The app icons for Revolut and Monzo showed on a mobile phone.
Betty Laura Zapata|Bloomberg by means of Getty Images
Monetary innovation companies were at first the greatest losers of rates of interest walkings by international reserve banks in 2022, which caused toppling appraisals.
With time though, this modification in the rates of interest environment progressively improved revenues for fintechs. This is since greater rates increase what’s called net interest earnings– or the distinction in between the rates charged for loans and the interest paid to savers.
In 2024, a number of fintechs– consisting of Robinhood, Revolut and Monzo– saw an increase to their bottom lines as an outcome. Robinhood reported $1.4 billion in yearly revenue, improved by a 19% dive in net interest earnings year-over-year, to $1.1 billion.
Revolut likewise saw a 58% dive in net interest earnings in 2015, which assisted raise revenues to ₤ 1.1 billion ($ 1.45 billion).
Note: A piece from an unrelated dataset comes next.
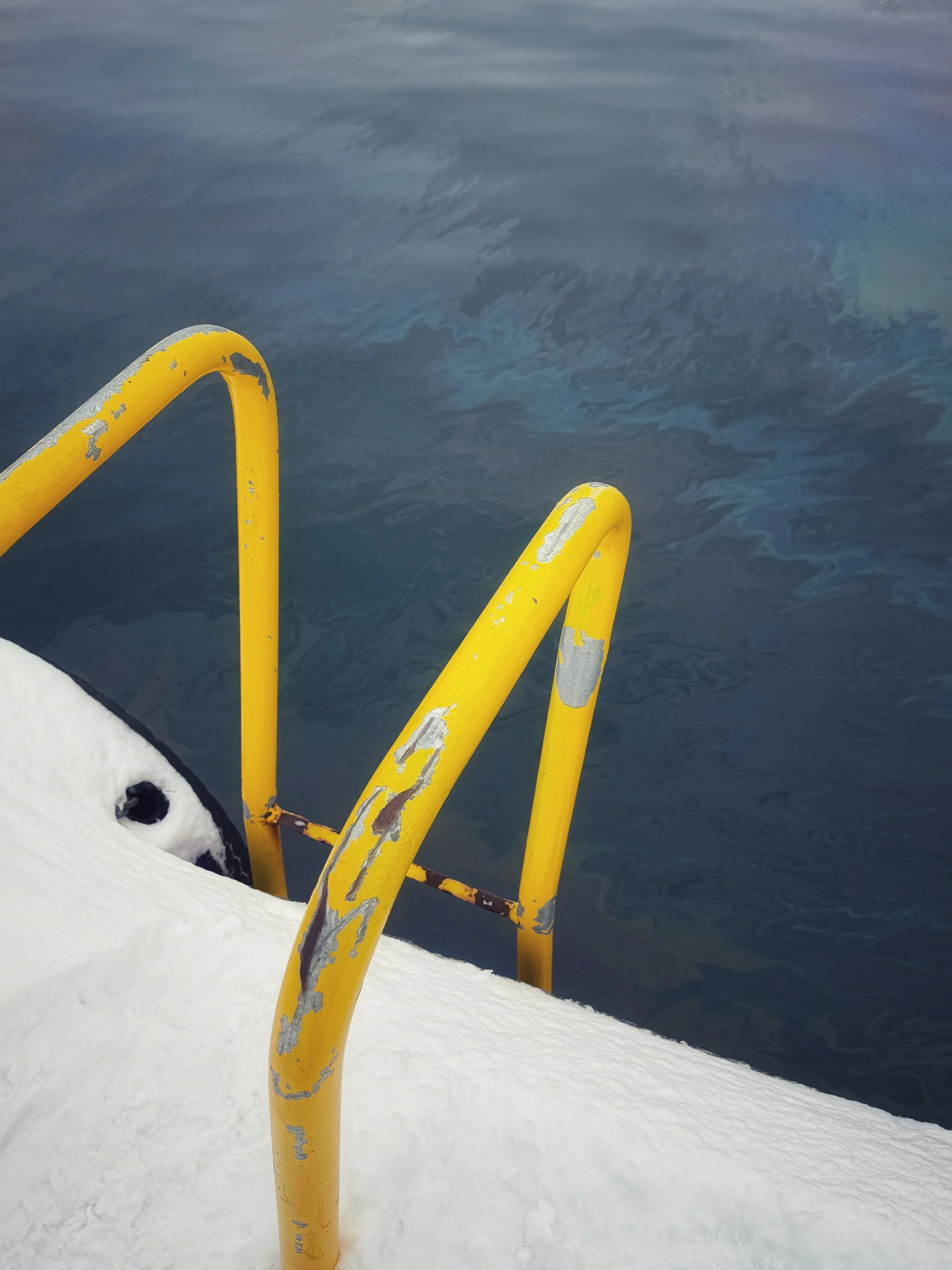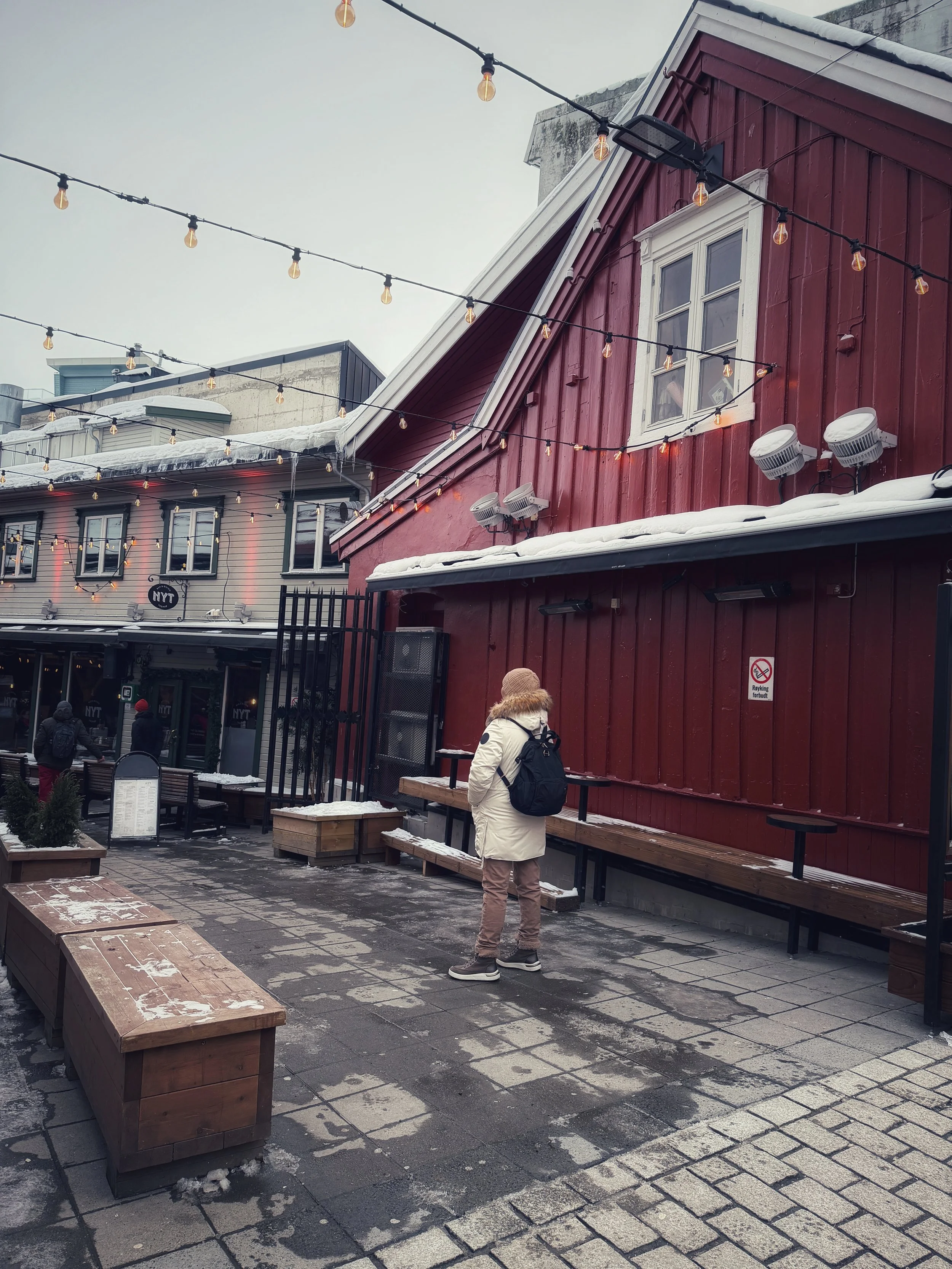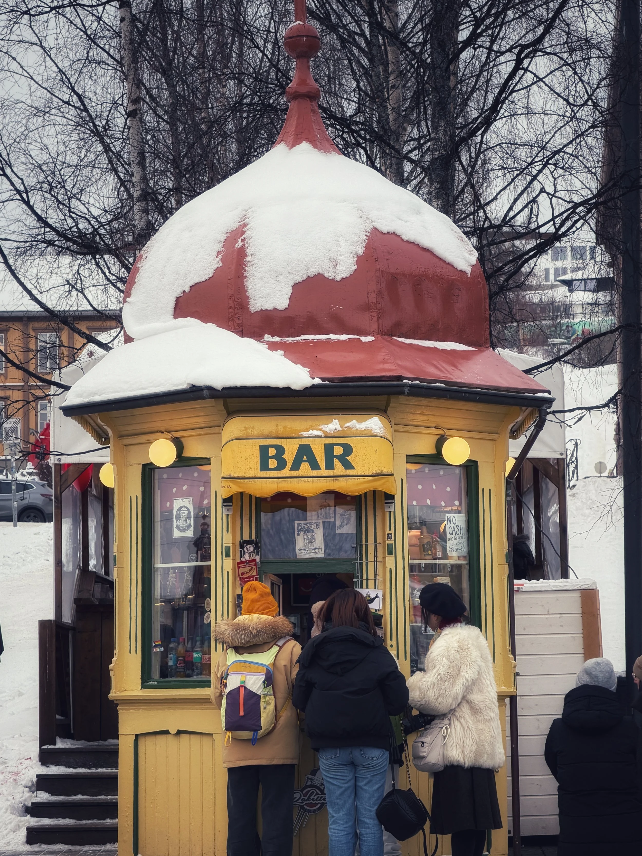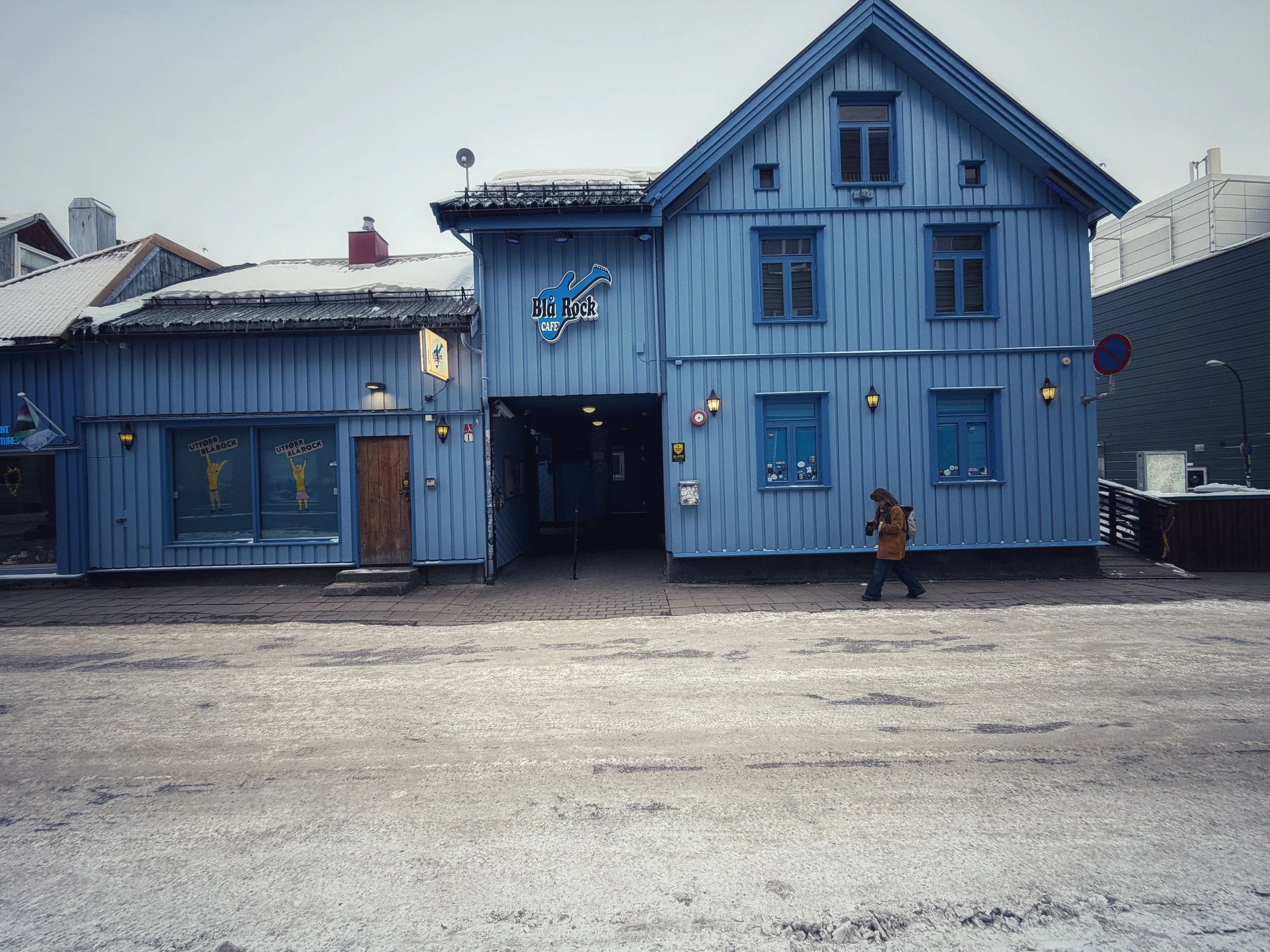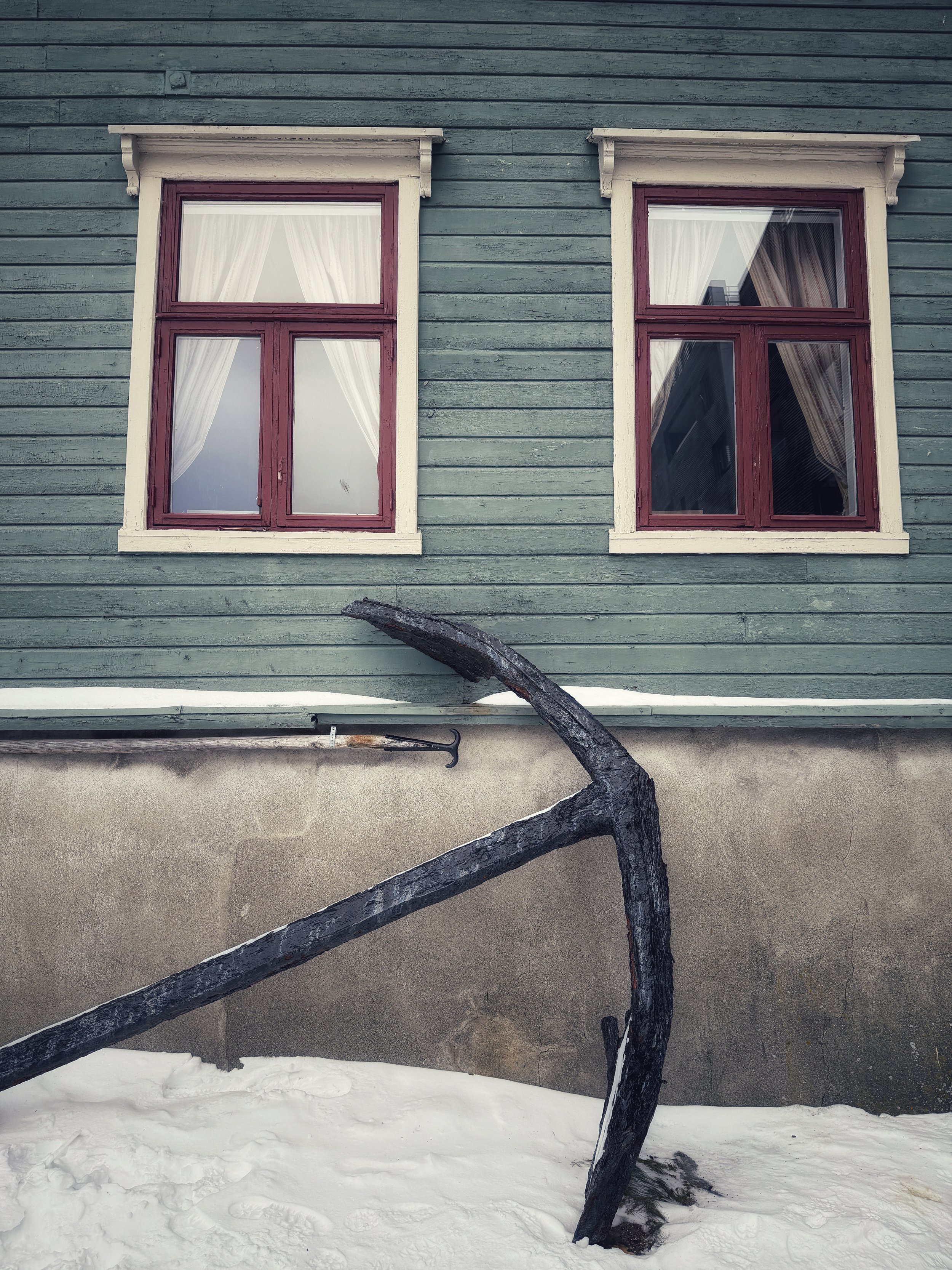 The city reveals itself slowly. Painted houses in muted blues and reds stand close together against the cold, their colors softened by snow and pale light. Small details emerge first: a bar kiosk glowing faintly in the afternoon, an anchor resting beneath a window, a ladder descending into dark Arctic water.

Monzo, on the other hand, reported its very first yearly revenue in the year ending March 31, 2024, buoyed by a 167% boost in net interest earnings.
Now, fintechs– and particularly digital banks– deal with an essential test as a broad decrease in rates of interest raises doubts about the sustainability of depending on this increased earnings over the long term.
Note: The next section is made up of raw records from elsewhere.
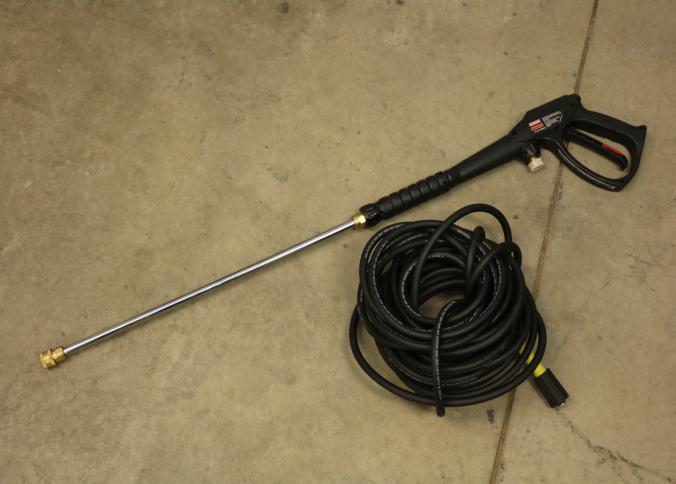 Ryobi gas pressure washer, Model RY80589, featuring a maximum pressure of 3300 PSI and a flow rate of 2.4 GPM. Includes a durable two-wheel frame, hose, and spray gun attachment. Designed for efficient cleaning tasks. Pickup only.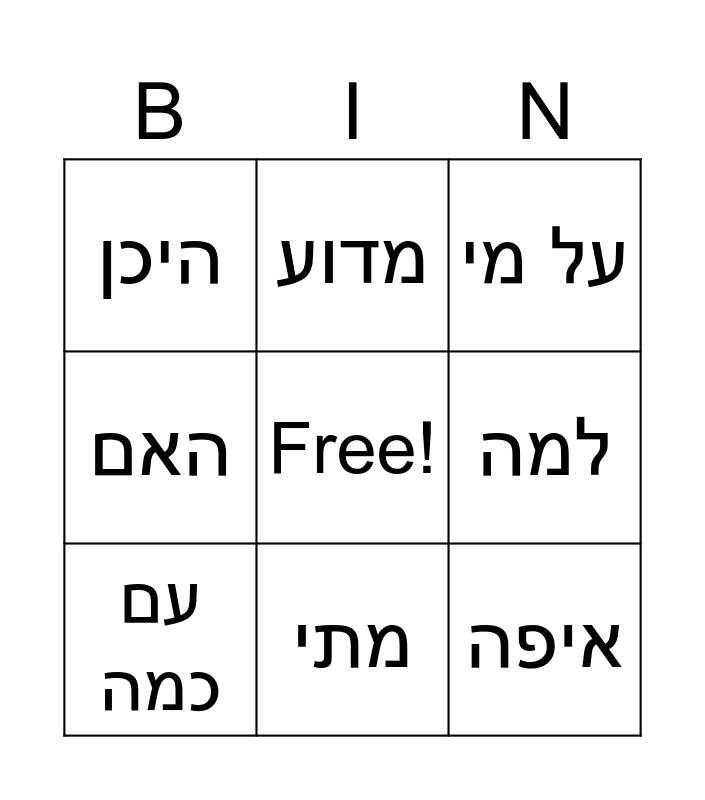 This bingo card has a free space and 23 words: מי, מה, מתי, מאין, איפה, היכן, למה, מדוע, כמה, איך, כיצד, איזה, איזו, אילו, לאן, את מי, על מי, על מה, עם כמה, ממה, האם, על איזה and במה.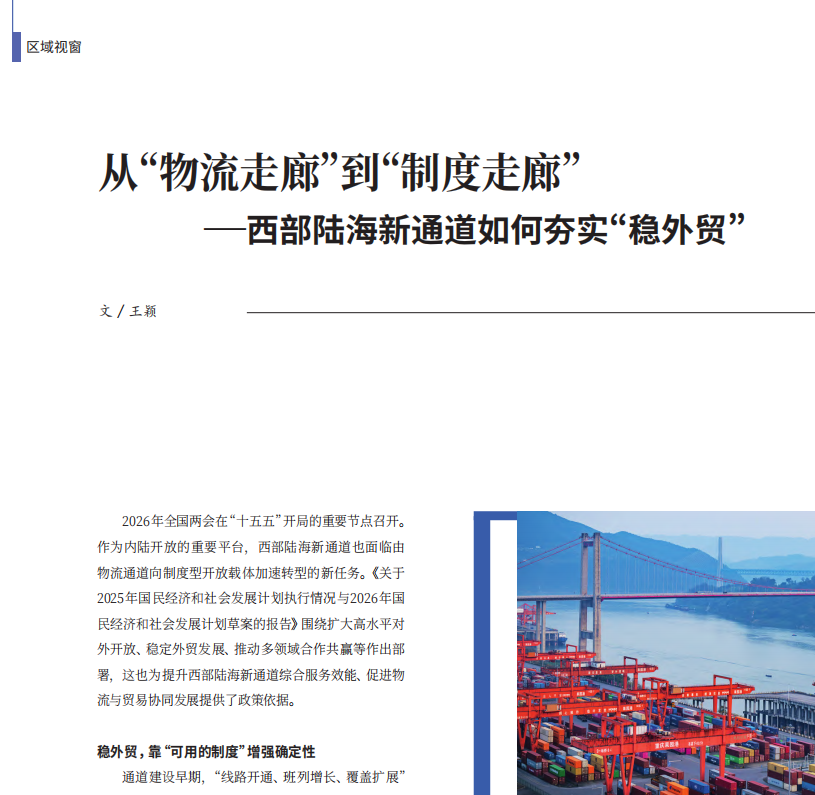 近日,欧洲研究中心兼职研究员王颖教授在行业期刊《中国对外贸易》(2026年第3期)发表署名文章《从“物流走廊”到“制度走廊”—西部陆海新通道如何夯实“稳外贸”》。文章围绕西部陆海新通道的发展转型展开,指出在“十五五”开局之年,通道建设已从初期的“物流走廊”阶段,迈向以制度供给为核心的“制度走廊”新阶段,系统分析了当前制度供给的不足,并提出构建三层制度体系,为提升西部陆海新通道综合服务效能提供了务实建议。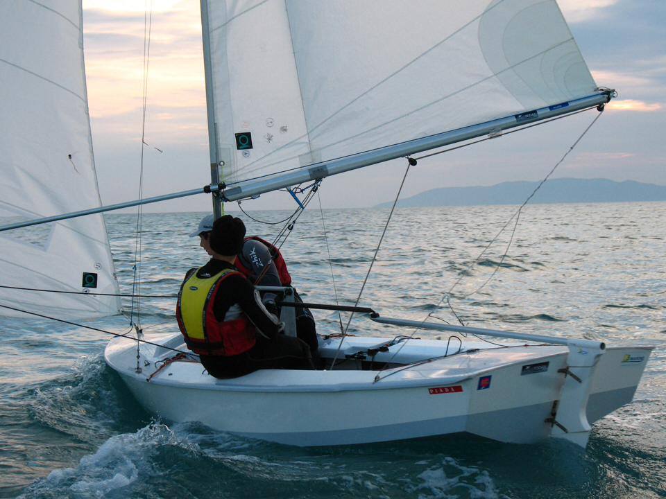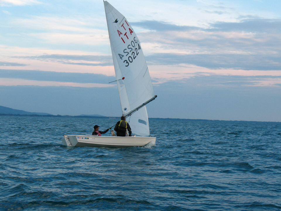 On Saturday the Race Committee worked hard and well for setting the race course, with the wind that shifted initially from NE, then N and at the end from North East again. The first race was won by Pietro Fantoni with the junior Michele Meotto. For the second race Michele became skipper, but he had to surrender to the expert team of Mauro Maurizi and Marco Romani. The third race was won again by Fantoni-Meotto.

” An environment of falling rates of interest might present difficulties for some fintech gamers with service designs anchored to net interest earnings,” Lindsey Naylor, partner and head of U.K. monetary services at Bain & & Business, informed CNBC by means of e-mail.
Falling benchmark rates of interest might be “a test of the durability of fintech companies’ service designs,” Naylor included.
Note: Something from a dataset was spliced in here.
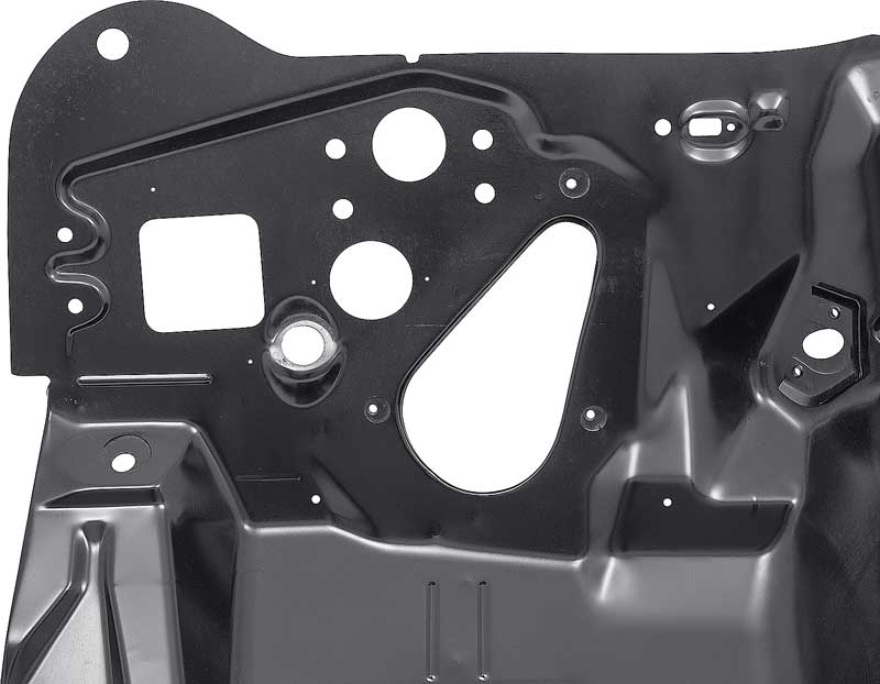 Unlike universal-style firewalls that are punched to fit multiple years, this firewall is punched specifically for 1968 only. This panel is correct for 1968 models equipped with A/C and includes the factory-style air box cutout.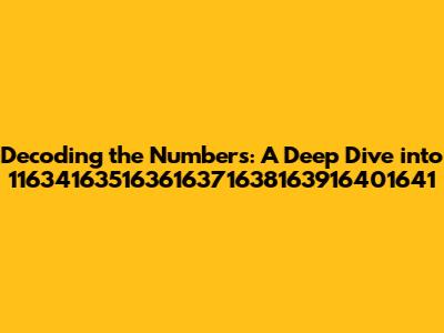 Hey everyone, let's dive into something a bit… unique. We're talking about the number 116341635163616371638163916401641. Yeah, that's a mouthful, right? But trust me, there's a fascinating story behind even the most intimidating numbers. This isn't just a random string of digits; it could be anything from a massive prime number to a complex code. The goal here is to break it down, understand what it might represent, and, most importantly, have some fun along the way. We're going to explore all sorts of possibilities – mathematical properties, potential patterns, and maybe even some real-world connections. So, buckle up, because we're about to embark on a numerical adventure!

” Lower rates might expose vulnerabilities in some fintechs– however they might likewise highlight the versatility and sturdiness of others with wider earnings methods.”
It’s uncertain how substantial an effect falling rates of interest will have on the sector in general. In the very first quarter of 2025, Robinhood reported $290 countless net interest earnings, up 14% year-over-year.
Nevertheless, in the U.K., arises from payments facilities start-up ClearBank meant the effect of lower rates. ClearBank swung to a pre-tax loss of ₤ 4.4 million in 2015 on the back of a shift from interest earnings towards fee-based earnings, along with expense associated to its growth in the European Union.
” Our interest earnings will constantly be a fundamental part of our earnings, however our tactical focus is on growing the charge earnings line,” Mark Fairless, CEO of ClearBank, informed CNBC in an interview last month. “We consider the decreasing rates in our preparation therefore we’re anticipating those rates to come down.”
Earnings diversity
It comes as some fintechs take actions to attempt to diversify their profits streams and decrease their dependence on earnings from card costs and interest.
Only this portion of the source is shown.